Document embeddings

alberto · February 7, 2022, 8:50pm

Based on your experience when creating a document embedding from a list of sentence embeddings what is the best way to combine them? i. e. Are better approaches than average pooling? The goal is to use similarity search at document level.

jamesbriggs · February 9, 2022, 4:03pm

Unfortunately I’m not aware of anything, there were methods in the past like doc2vec that dealt with this but I’m not sure how effective they were. Same goes for average pooling of many sentences over a document, I don’t believe it would be hugely effective, particularly for longer documents.

NilsReimers · February 9, 2022, 8:56pm

Hi,
doc2vec doesn’t work. Not even the co-authors were able to re-produce the results presented in doc2vec.

Do you really need a single embedding for a doc? This is usually quite problematic. You can see it as a compression. When you embed to 512 dimensions, you compress to 512 * 2bytes per dimension = 1024bytes. The longer your document, the more information you will loose. It doesn’t matter if your doc has 10k, 100k, or 1M characters, you always encode to 1024 bytes => the longer your document, the more information is lost.

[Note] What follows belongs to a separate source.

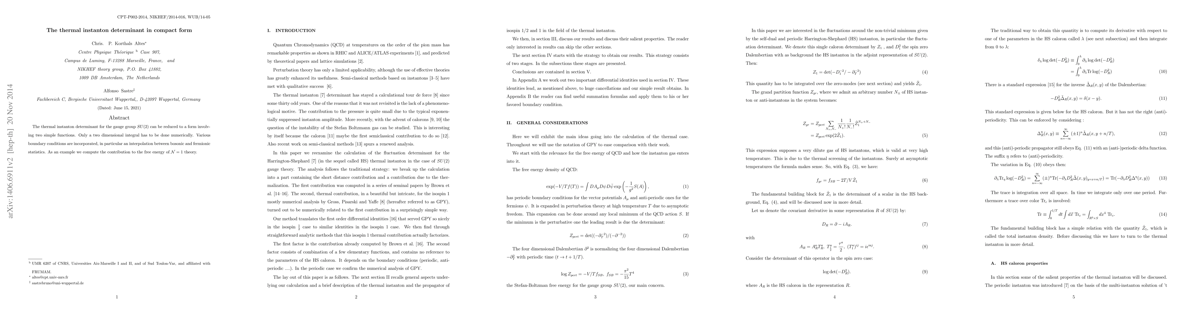 The thermal instanton determinant for the gauge group $SU(2)$ can be reduced to a form involving two simple functions. Various boundary conditions can easily incorporated. Only a two dimensional integral has to be done numerically. As an example we compute the contribution to the free energy of $\mathcal{N}=1$ theory.

The better solution is in most cases to split your document into paragraphs and then to encode the paragraphs individually. This gives you for each document a flexible number of embeddings.

It then depends on your task how you work with this setup. If you do retrieval, the setup is quite easy: Retrieve the top-k paragraphs matching your query, and map the paragraphs back to document ids.

You might need to retrieve more paragraphs. E.g. if you want top-10 documents, it make sense to e.g. retrieve top-20 or top-50 paragraphs as several paragraphs from the same document might be returned.

For clustering or document similarity you have to use a slightly different strategy.